A Value Stream Map (VSM) is a graphical format used to describe a process or series of processes that deliver products and services to customers. The VSM is that it shows a flow of information, materials and activities that work together to move materials through the various activities of a production process.

Value Stream Maps tell you what you have (materials, components, inventory), why you have it (production control, pull signals, etc.) and how efficient the process is (cycle time, value added time, lead time). By mapping this information in a standard format, we can begin to see where waste and value reside inside the system.

Current State Value Stream Map example of a production process

The VSM uses mostly standard icons to describe processes, transportation, inventory, etc. But remember, the objective of all maps is to tell a story. So you should use whatever helps convey the message of flow, inventory and process.
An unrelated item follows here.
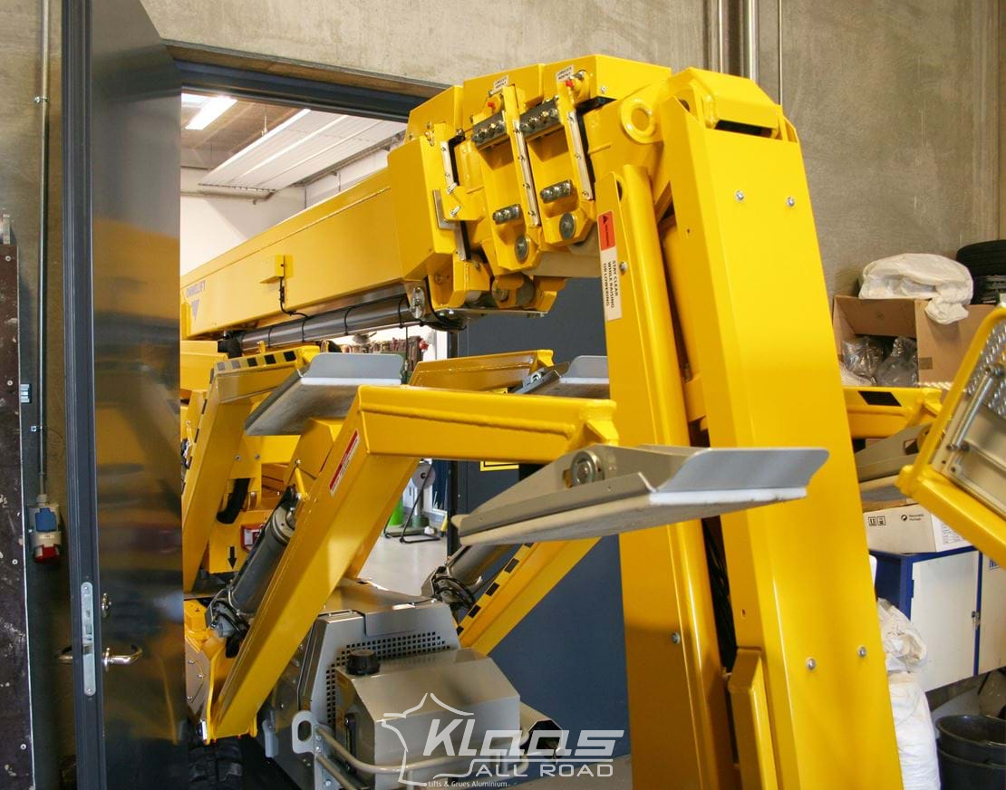 Une colonne montante articulée à double parallélogramme offre un dégagement de 7 m et permet de suivre le mur à la verticale.

Why Use a Value Stream Map?

  1. It serves as a communication tool
  2. It highlights the sources and areas of waste in the value stream
  3. It shows the linkage between the material and information flows
  4. It integrates Lean concepts and principles in the future-state design
  5. It forms the basis of the implementation plan to implement the change to the future state

VSMs are most useful to describe and visually see what is happening with the current state inside a macro-process. From here, we can see issues and problems and develop a prioritized list of opportunities to improve flow through the value stream.

Future State value stream maps are used showing process steps and streamlining flow. These are opportunities to develop various scenarios for improvement.

Value stream maps can be constructed in a couple of ways. One way is to go directly to the Gemba, observe each step of the process and consolidate all of the data that describes the current state. Another way is to convene a VSM team and ask them to bring the data as well as their experience about what really happens inside the process. This approach is typically faster and equally reliable.